Madonnas & Miracles: The Holy Home in Renaissance Italy

Edited by Maya Corry, Deborah Howard and Mary Laven

London, Philip Wilson publishers: 2017

Published in association with the Fitzwilliam Museum

Paperback, 288pp, 250 colour illustrations

ISBN: 978 178130 053 4

Price: £25.00 / $40.00

Madonnas and Miracles exposes a hidden world of religious devotion in the Italian Renaissance home. Challenging the idea of the Renaissance as an age of increasing worldliness, it shows how religion remained a powerful force that coloured every aspect of daily life.

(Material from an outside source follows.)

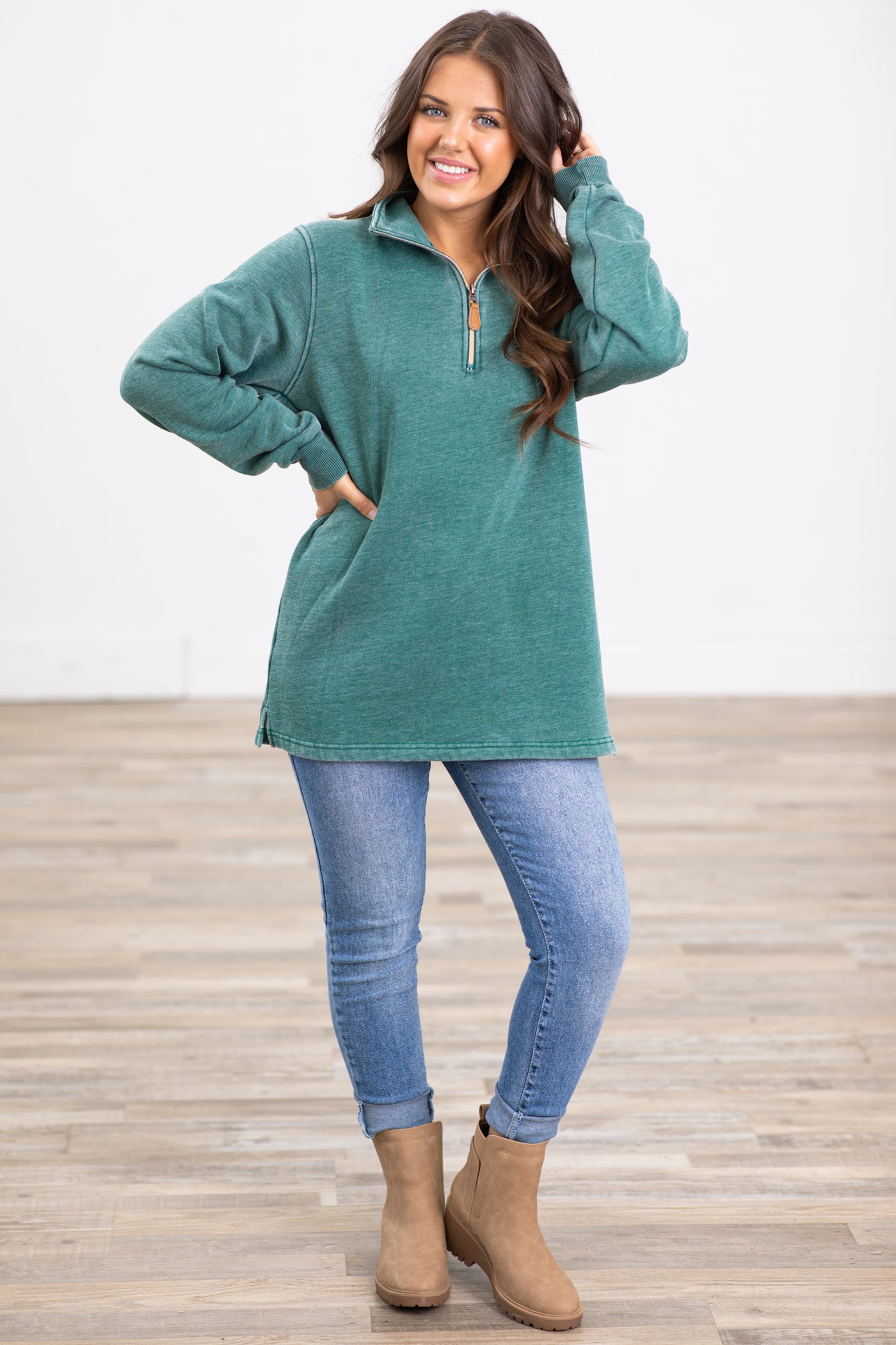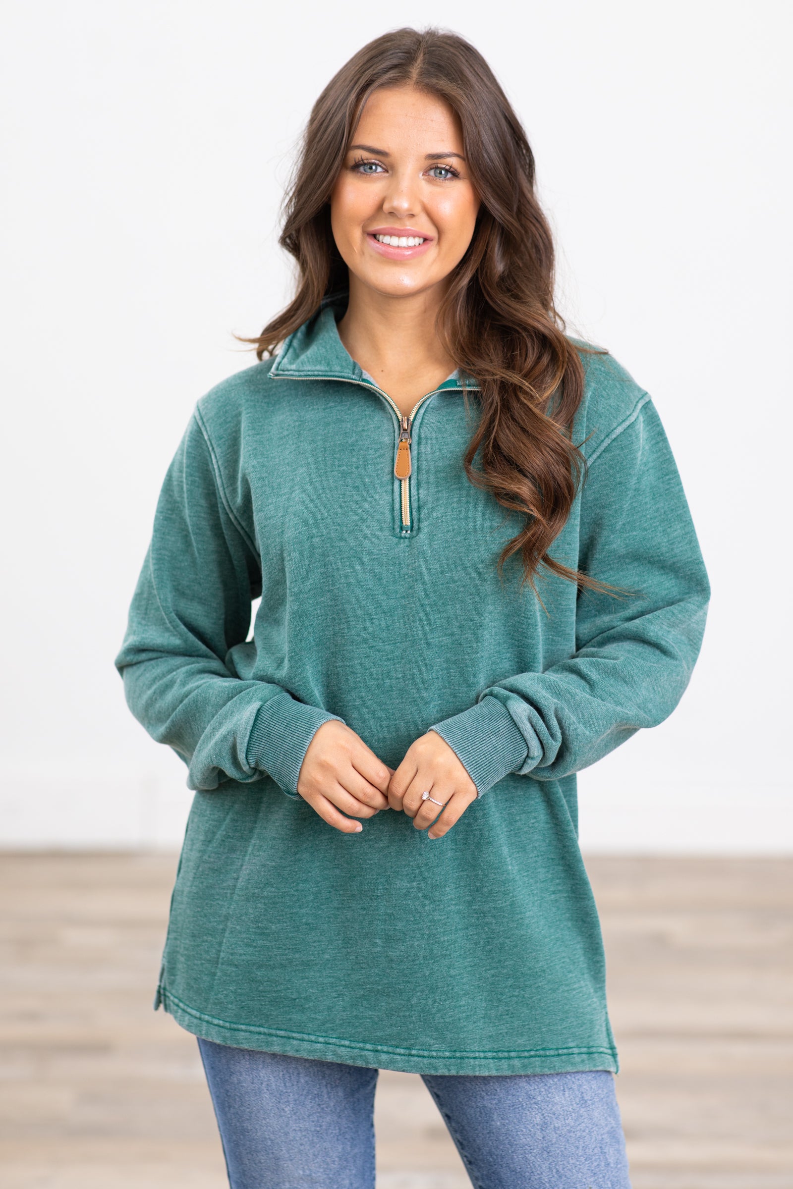 Emerald Fleece Pigment Dyed 1/4 Zip Pullover

Across the length and breadth of Italy, houses were filled with decorative objects and works of art with spiritual significance, designed to aid members of the family in their devotional lives. A wide range of religious activities, from routine prayers to extraordinary experiences such as miracles and exorcisms, took place within the home, where they were adapted to key moments in the life-cycle, including birth, marriage, sickness and death.

This lavishly illustrated publication explores a variety of devotional objects and images, from luxury items to everyday household goods. Bringing together jewellery and ceramics, manuscripts and printed books, sculpture and paintings, the book offers a vivid encounter with Renaissance spirituality and domesticity. The result is a new vision of a period in which the material world was charged with sacred power

Maya Corry was postdoctoral researcher in the History of Art at the University of Cambridge and is now a Stipendiary Lecturer in Early Modern History at the University of Oxford. She has published on beauty in religious art, angels, and Renaissance religiosity. Her monograph on male beauty, sexuality, art and spirituality in Milan is forthcoming with OUP.

Deborah Howard is Professor Emerita of Architectural History, Director of Research in the Faculty of Architecture and History of Art, and a Fellow of St John’s College, Cambridge. She has published widely on the art and architecture of Venice and the Veneto; the relationship between architecture and music; and cultural exchange in the eastern Mediterranean.

Mary Laven is Reader in Early Modern History at the University of Cambridge and a Fellow of Jesus College. She has published on many different aspects of Renaissance religion and co-curated the exhibition Treasured Possessions from the Renaissance to the Enlightenment.